21 Jun 2017

SCA Rules That Nine-Storey Building in Durban Will Remain

Practice Area(s): Litigation |

On 2 June 2017, the Supreme Court of Appeal (SCA) handed down judgment in Serengeti Rise Industries (Pty) Ltd and Another v Aboobaker N.O and Others, marking the conclusion (for now) to a heated fight that has been raging between property owners in Currie Road in Durban and property developer, Serengeti Rise Industries (“Serengeti”).

The R61 million, nine-storey, high-rise apartment block that Serengeti built on Currie Road on Durban's Berea became a significant bone of contention between neighbouring residents and the developer in October 2014. The development had initially been zoned as General Residential 1 (GR1), but the eThekwini Municipality had approved rezoning of the development to a General Residential 5 (permitting a far larger development). Residents argued that they had not been properly notified about the plans to build the high-rise and thus a monstrosity that blocked their views and infringed on their privacy had been allowed to be built.

The matter came before the Durban High Court in 2015, with the court ruling that the building be partially demolished to comply with the original GR1 zoning. The judge found that public notice rules had not been followed, and subsequent rezoning of the site was unlawful.

On appeal, the SCA found that, while the High Court had found that the rezoning was unlawful, it had made no orders to that effect and therefore any approvals made by the municipality remained valid - thus, Serengeti’s building does not have to be partially demolished. The SCA went on to state that the High Court’s order lacked “certainty and clarity”, and the judge had failed to exercise her discretion in order to grant an order that was “just and equitable”. Taken from the SCA’s judgment:

"The High Court did not review and set aside the rezoning and plan approval. The court made a finding and granted a demolition but did not grant the primary relief…The order also lacks certainty and clarity. On a plain reading of the order, only a portion which exceeds the initial zoning would have to be demolished. There is no description of that portion. No evidence was led in this regard. There was also no evidence on whether the structural integrity of the building could survive the execution of the partial demolition order…It would appear that the only way it could be executed would be the demolition of the entire building… and the court below did not give any consideration to the constitutional proportionality of that remedy."

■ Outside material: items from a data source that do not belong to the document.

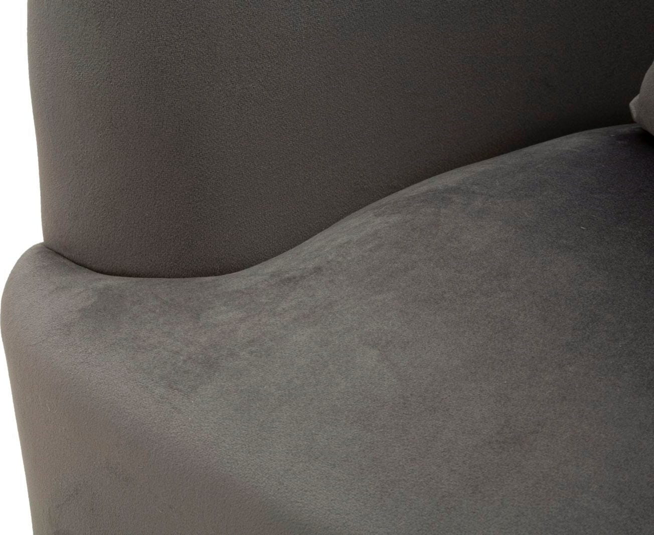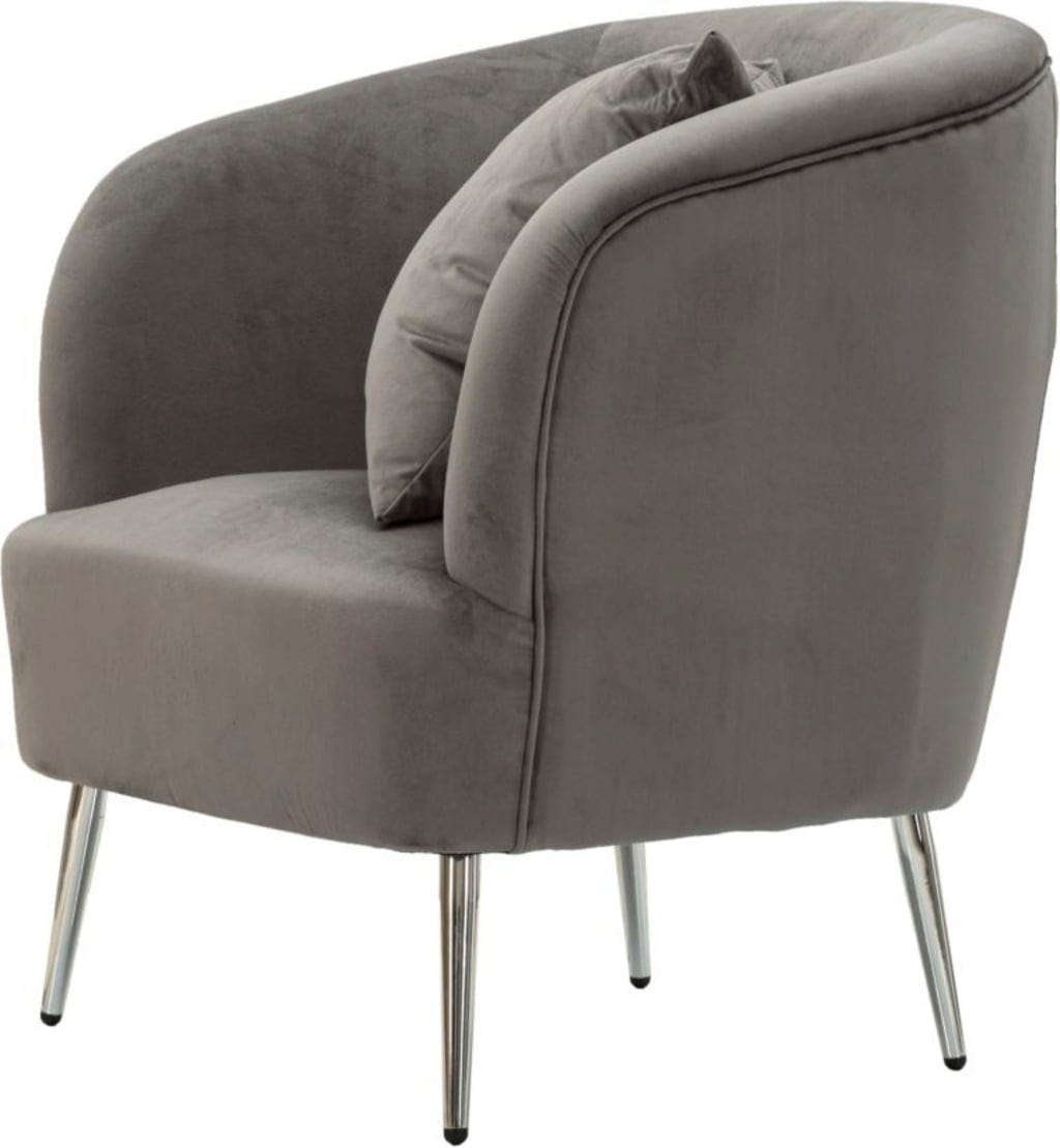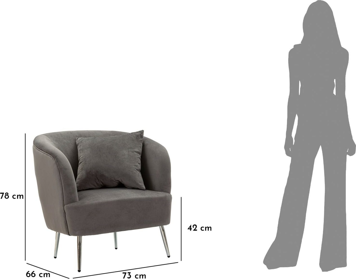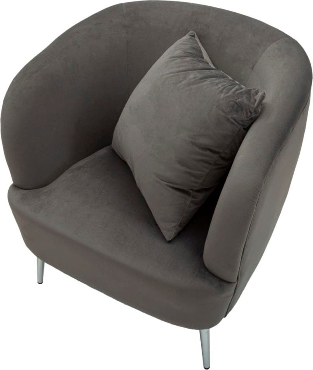 S tem elegantnim foteljem boste sobi dodali neustavljiv pridih sodobnega razkošja in maksimalnega udobja. Širok, vabljiv fotelj navdušuje z mehko, žametno prevleko v elegantnem sivem odtenku, ki vaši notranjosti takoj vdahne prijetno, a prefinjeno vzdušje.
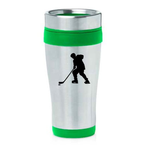 16oz Insulated Stainless Steel Travel Mug Hockey Player (Green ),MIP
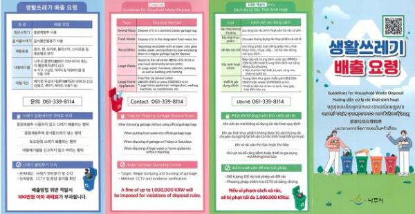[중앙뉴스라인, 김민수기자] 외국인 거주자와 근로자가 생활폐기물 배출 방법을 쉽게 이해하고 올바르게 실천할 수 있도록 나주시가 다국어 홍보물을 제작해 무단투기 예방과 쾌적한 도시환경 조성에 나선다.

This matter will move on to the Constitutional Court, announced on 20 June,  as Advocate Tayob Aboobaker,  one of the residents in a unit immediately adjacent to the offending building, was of the view that the SCA could have remedied any deficiencies in the High Court order itself, or could have referred the order back to the High Court. After the judgment was handed down, Aboobaker stated: “Private dealings between the developer and the municipality offend the principle of legality, and we have no doubt that the Constitutional Court will not sanction irregular and unlawful conduct.”